When I compared the DEGs between the two ways of settings for the same contrasts, I did see difference between,

for contrast: "AUTO_GANGLIA.Mut_WT": 1479 vs 873 at padj<0.05 with overalpped 849

for contrast: "BILE.Mut_WT": 1834 vs 1846 at padj<0.05 with overalpped 1830

for contrast: "BREAST.Mut_WT": 1763 vs 1784 at padj<0.05 with overalpped 1758

Considering the numbers of overalapped genes, these are rather closed results except for the first contrast "AUTO_GANGLIA.Mut_WT": But still very different in terms of the actual statistics of these DEGs as shown below:

Below I showed the top DEGs from both ways of model seetings for the same contrast "BILE.Mut_WT" here FYI (I took out some anotation and baseMean columns)

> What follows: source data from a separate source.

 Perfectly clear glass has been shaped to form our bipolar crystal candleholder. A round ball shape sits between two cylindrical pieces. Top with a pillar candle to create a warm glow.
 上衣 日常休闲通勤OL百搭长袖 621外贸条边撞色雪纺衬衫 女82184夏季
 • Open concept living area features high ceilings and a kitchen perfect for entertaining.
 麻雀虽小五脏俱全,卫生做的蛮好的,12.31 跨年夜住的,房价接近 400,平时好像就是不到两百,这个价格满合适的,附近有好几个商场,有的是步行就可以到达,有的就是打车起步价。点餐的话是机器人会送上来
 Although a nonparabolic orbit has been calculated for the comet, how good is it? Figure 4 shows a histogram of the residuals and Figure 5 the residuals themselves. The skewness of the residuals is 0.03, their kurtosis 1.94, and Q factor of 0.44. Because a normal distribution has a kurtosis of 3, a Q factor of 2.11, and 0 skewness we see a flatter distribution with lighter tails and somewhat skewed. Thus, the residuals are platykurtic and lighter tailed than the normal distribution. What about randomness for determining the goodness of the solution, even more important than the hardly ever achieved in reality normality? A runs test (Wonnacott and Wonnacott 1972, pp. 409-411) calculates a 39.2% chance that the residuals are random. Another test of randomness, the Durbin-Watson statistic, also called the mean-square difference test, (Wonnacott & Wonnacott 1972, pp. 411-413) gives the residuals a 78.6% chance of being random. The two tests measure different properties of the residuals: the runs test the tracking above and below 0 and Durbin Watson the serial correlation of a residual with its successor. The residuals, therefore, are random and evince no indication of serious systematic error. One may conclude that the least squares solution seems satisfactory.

first way of model setting:

 SYMBOL log2FoldChange    lfcSE      stat        pvalue          padj

1 AP005229.1 48.05928 1.654480 29.04796 1.632705e-185 5.641484e-181

2 AL035541.1 -42.03294 1.684618 -24.95103 2.081179e-137 3.595550e-133

3 HTR3E -44.55963 1.895428 -23.50900 3.299678e-122 3.800459e-118

4 AC243772.3 -40.67986 1.734676 -23.45098 1.291749e-121 1.115845e-117

second way of model setting:

 SYMBOL log2FoldChange    lfcSE      stat        pvalue          padj

1 AP005229.1 48.00919 1.654480 29.01769 3.936211e-185 1.360040e-180

2 AC022031.1 -39.05947 1.573384 -24.82513 4.800262e-136 8.292933e-132

3 HTR3E -41.68154 1.895425 -21.99060 3.542587e-107 4.080116e-103

4 MS4A14 39.83830 1.931396 20.62668 1.581351e-94 1.365971e-90

I notiiced that log2FoldChange,stat, pvalue and padj are different for the same genes, which make the ranking different. I undertsand as you mentioned log2FoldChange may be impacted by convergence to stop for infinite LFC (which may be impacted more or less by different model setting?), and so maybe p-value and padj as well, I guess?

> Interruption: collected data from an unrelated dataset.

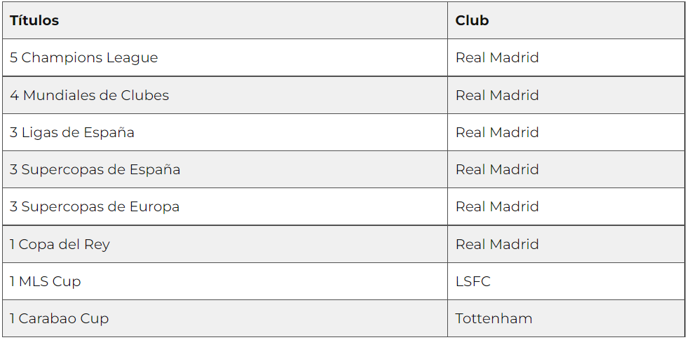 A mis clubes anteriores, Southampton, Tottenham, Real Madrid y finalmente LAFC. Todos mis anteriores directivos y entrenadores, personal de la sala trasera, compañeros de equipo, todos los fans dedicados, mis agentes, mis increíbles amigos y familia, el impacto que han tenido es inconmensurable.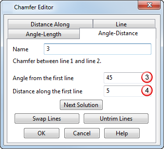 - Используйте вкладку Угол-Длина для конвертирования фаски в фаску типа Угол-Длина:
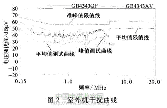 從圖1和表1中可以看出,連續幹擾電壓主要是在0.15~2 MHz頻率範圍內超標。空調產生的電磁兼容問題,一半以上發生在控製部分。但是在這個頻率範圍,也很有可能存在馬達引起的幹擾。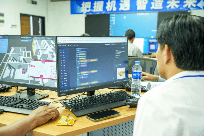 本次培训由自治区教育厅与柬埔寨劳工部共同倡议,完美(中国)官方与留华教育科技(北京)有限公司(柬埔寨中国学校)联合承办。来自柬埔寨劳工部技术与职训总局的行政决策层代表,以及来自柬埔寨国家技术培训学院、吴哥国立理工学院、西哈努克省理工学院、马德望理工学院、德佐森国立理工学院等15所公立职业院校建筑相关专业的骨干教师,共21名学员参加了培训。培训以“人工智能赋能土木工程职业教育数字化转型”为主题,课程涵盖模块化编程、建筑机器人、BIM快速生成等前沿内容,通过专题讲授、案例研讨、企业参观等多种形式,构建了“教学—实践—应用”一体化培训体系,有效提升了参训教师的数字技术应用能力与教学创新水平。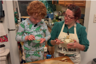 The best part of making this recipe was filling pierogis with Charles. He likes to help in the kitchen, (and to be on YouTube), so I love having him help me when I film.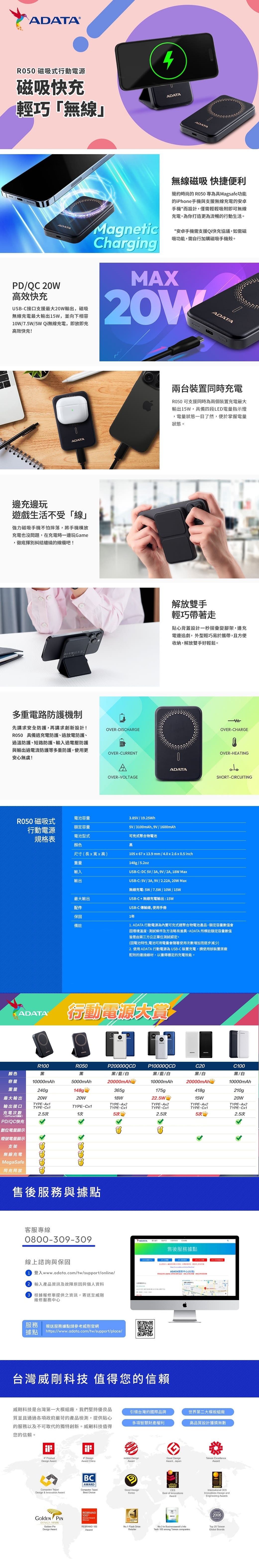 包裝內容物:R050磁吸行動電源*1、USB-C充電線*1、使用說明書*1

But why contrast: "AUTO_GANGLIA.Mut_WT" did the worst? could be due to more unbalanced data since much less mut samples in this tissue type than BILE and BREAST? But different model settings all used the same data.

Also what would be the possible reasons I can not get exactly results between the two ways of model and contrast settings like I did using edgeR is still the question that I am wondering.

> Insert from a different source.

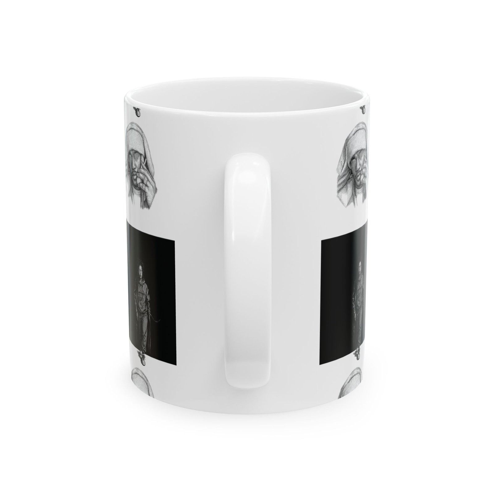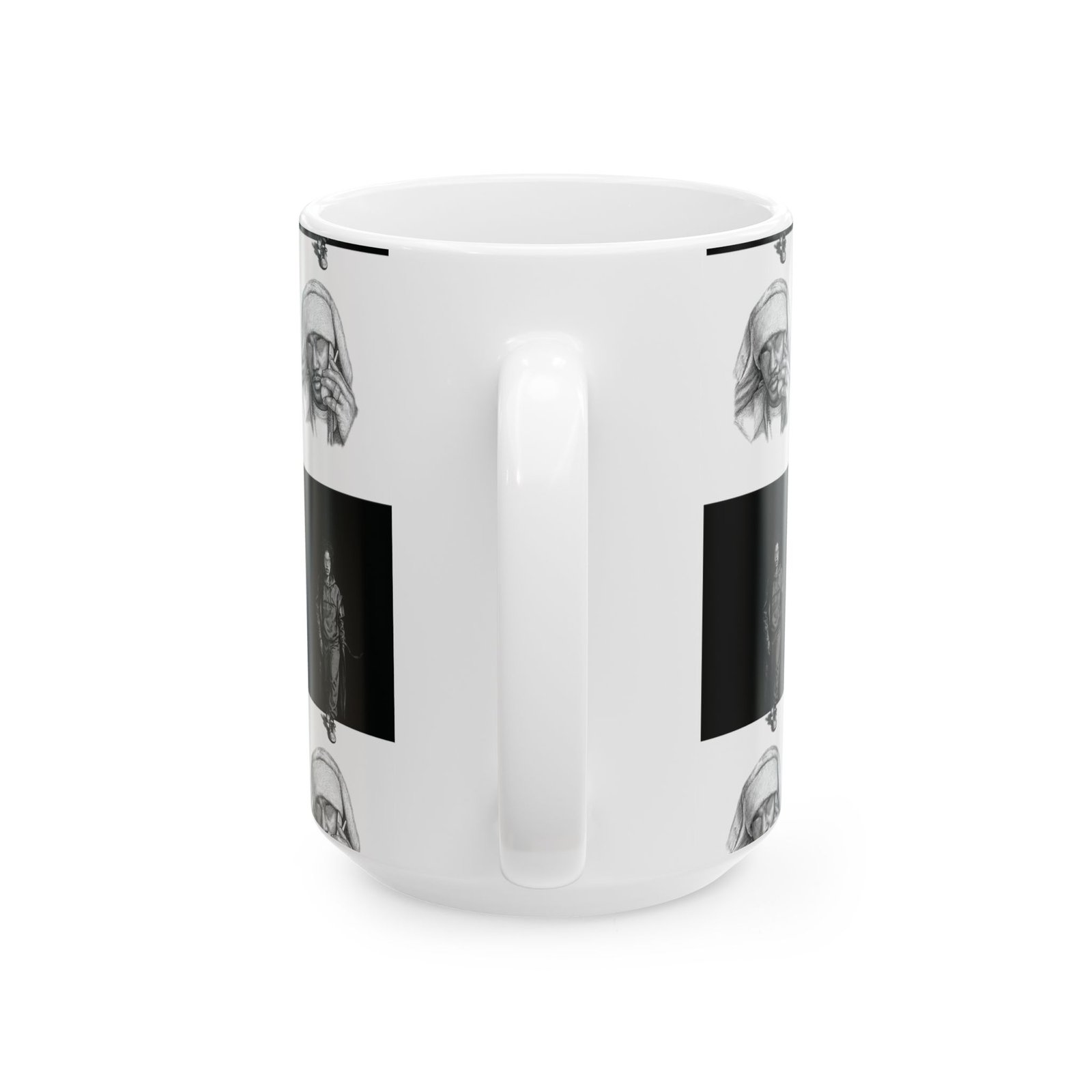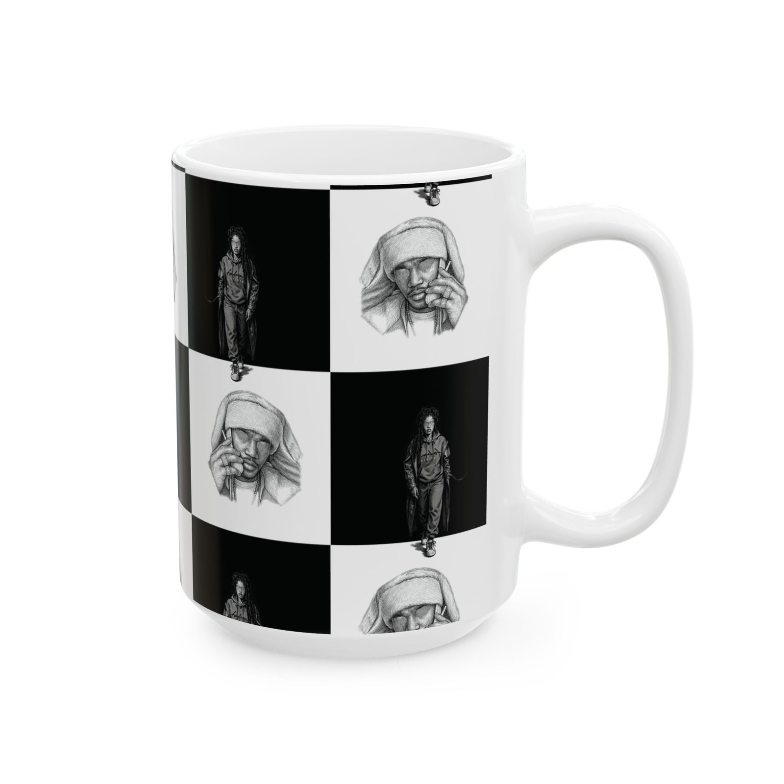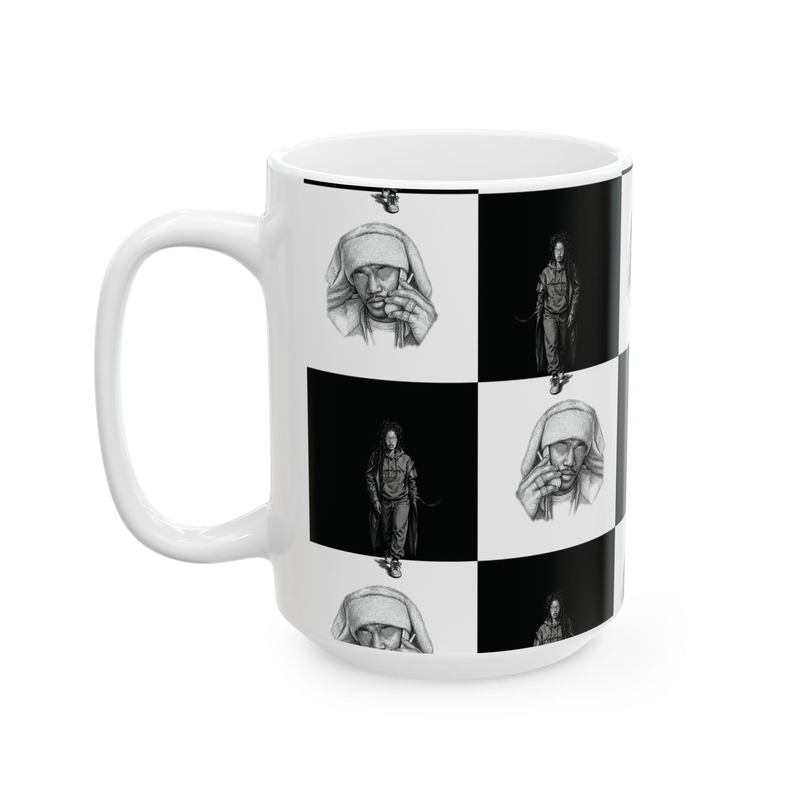 This ceramic mug brings a quiet, artful energy to your morning routine. Its monochrome checkerboard design alternates thoughtful portrait sketches with solitary figures, creating a contemplative rhythm as you sip. The smooth white ceramic and rounded C-handle feel familiar and steady in hand. Use it for early coffee on the porch, late-night tea while sketching, or beside a stack of notebooks during creative work. The visuals invite pause — a small, personal moment of reflection between busy tasks.

Any input for these aspects would hghly appreciated!

ADD REPLY • link 2.7 years ago Ming ▴ 380

0

Entering edit mode

What is the correlation of the LFC for your two contrasts of mut vs wt in auto ganglia? Does the scatterplot of log2 fold changes look like these are the same contrast?

The above changes in bile mut vs wt are what I would expect with running equivalent models but with different matrices. Due to how the models converge the values will not be exactly the same. E.g. for AP005229 the test statistic varies by 0.1%, and AC022031 by 0.5%. Even seeing higher differences in LFC like in HTR3E which is ~6% would be expected when the LFC is not finite (the algorithm is stopping as the coefficient goes to positive or negative infinity). All of these are examples you provide are cases where the LFC is not finite.

ADD REPLY • link 2.7 years ago Michael Love 41k

0

Entering edit mode

Plot for log2 fold changes from auto ganglia (G), and from BILE (B) between first way (0), and second way (D).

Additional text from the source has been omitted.